** RECORDS FOR THE EXERCISE follows **

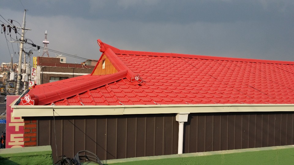 특히 칼라강판을 공사일정 전에 공장에서 미리 그집의 지붕크기를 맞춰 추녀 끝에서 용마루 끝까지 한장으로 재단하여 현장에서의 작업시간을 대폭 단축하여 대부분 공사가 하루만에 마무리까지 가능합니다. 그리고 강판의 여러색상은 도시 민관에 어울리고 미려하며, 자체에서 숙련된 고도의 기술자들이 직접 시공하여, 최대한 고객의 만족을 더 한층 높여드립니다.
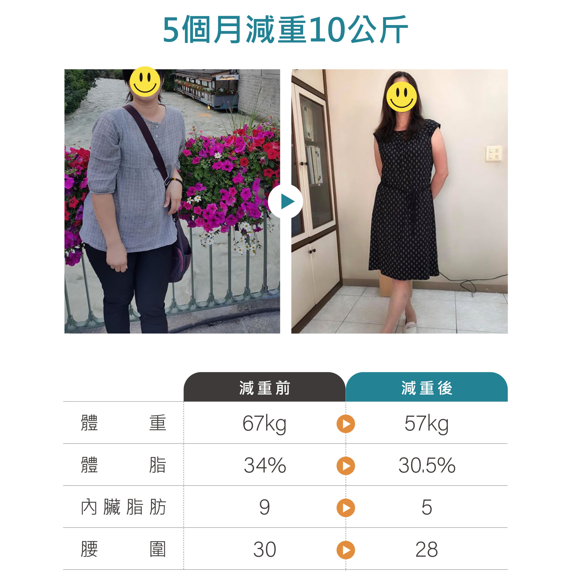 曾經嘗試各種方法減重,但始終「瘦了又胖」,體重反反覆覆的,直到健檢數據出來,發現身體亮起了紅燈,才驚覺應該要注意體重問題了,不只是為了外貌好看,更重的的是為了健康著想,才能陪伴家人以及我最愛的兩個孩子成長。
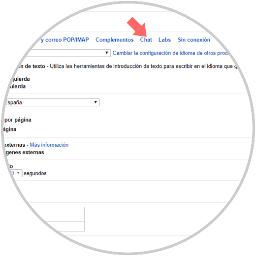 Aparecerás en una nueva ventana, en cuya parte superior verás multitud de pestañas correspondientes con distintos aspectos dentro de esta aplicación. Pulsa en la pestaña “Chat” para continuar.
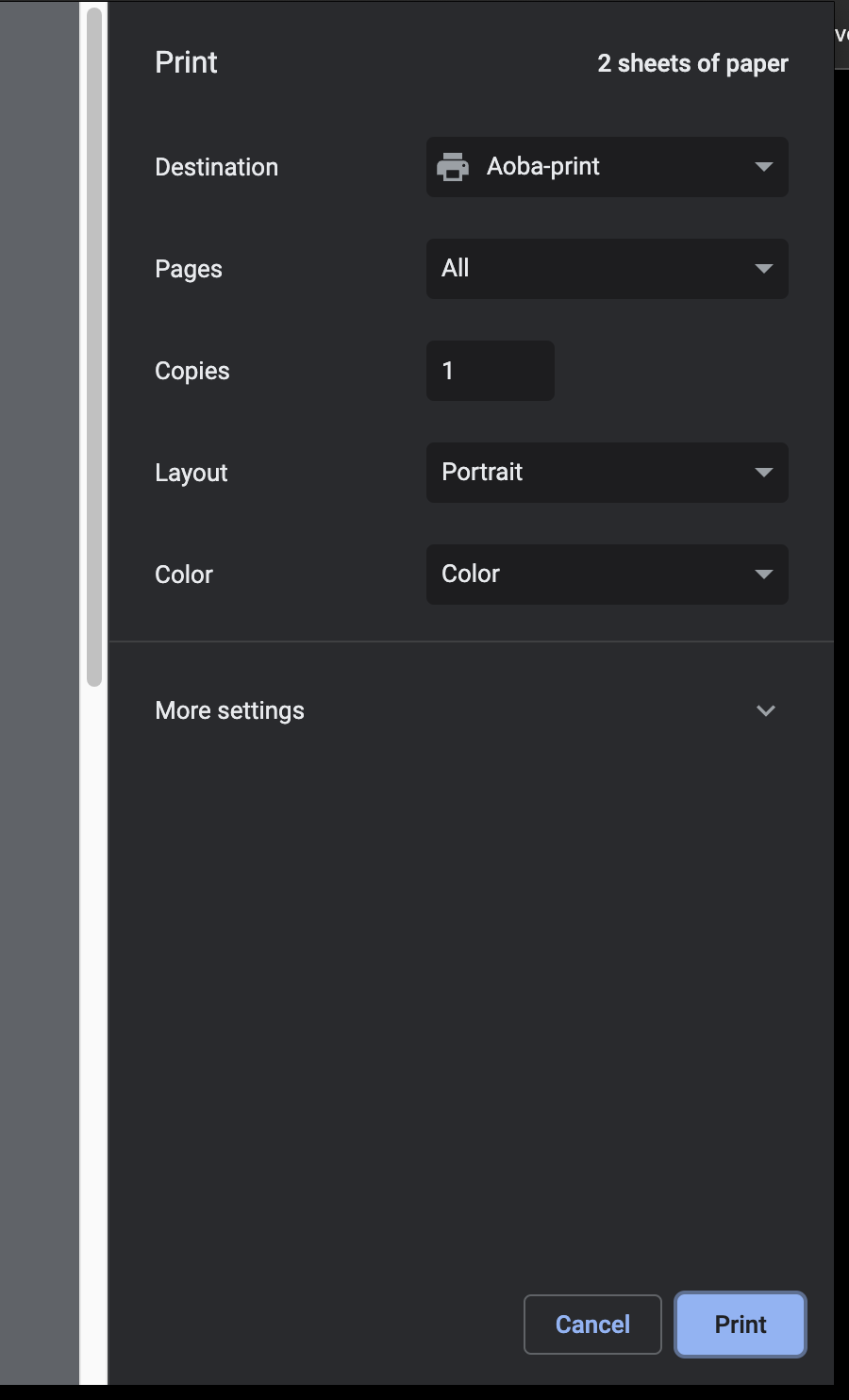 Google Chrome | Mac OS X Standard Print Dialog |
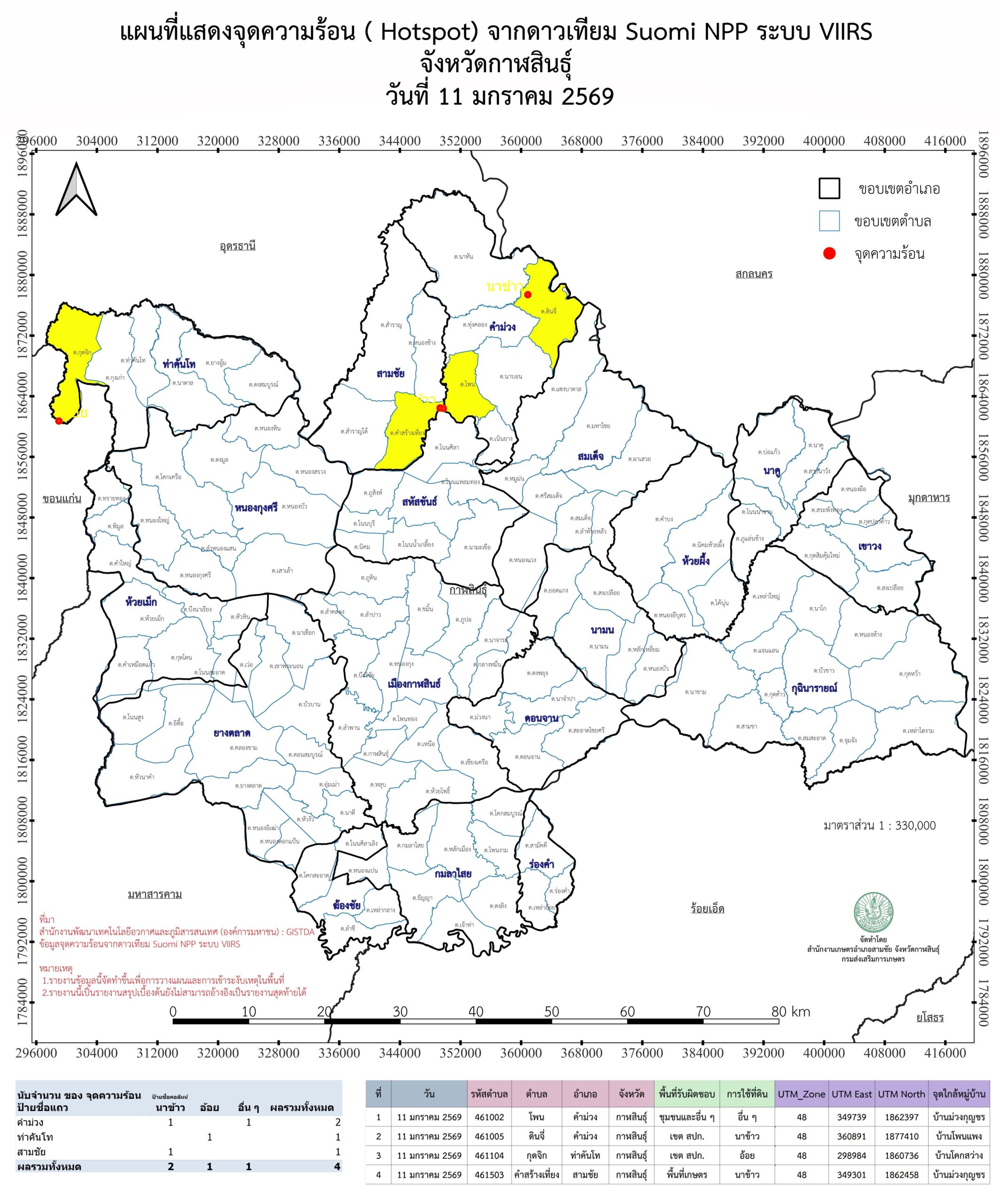 แผนที่แสดงจุดความร้อน ( Hotspot) จากดาวเทียม Suomi NPP ระบบ VIIRS 20260111 11 มกราคม 2026 ข้อมูลจุดความร้อน ( Hotspot) จากดาวเทียม Suomi NPP ระบบ VIIRS จังหวัดกาฬสินธุ์ วันที่ 11 มกราคม 2569 4600_20260110ดาวน์โหลด G_Vi1_20260111_0117ดาวน์โหลด

** End of RECORDS FOR THE EXERCISE **

__WHAT TO WORK ON__.
All lines from the line containing "Google Chrome |" through the end of the listing above are to be given again exactly; pictures are not part of the copy.

__SOLUTION TO THE EXERCISE__.
 Google Chrome | Mac OS X Standard Print Dialog |
 แผนที่แสดงจุดความร้อน ( Hotspot) จากดาวเทียม Suomi NPP ระบบ VIIRS 20260111 11 มกราคม 2026 ข้อมูลจุดความร้อน ( Hotspot) จากดาวเทียม Suomi NPP ระบบ VIIRS จังหวัดกาฬสินธุ์ วันที่ 11 มกราคม 2569 4600_20260110ดาวน์โหลด G_Vi1_20260111_0117ดาวน์โหลด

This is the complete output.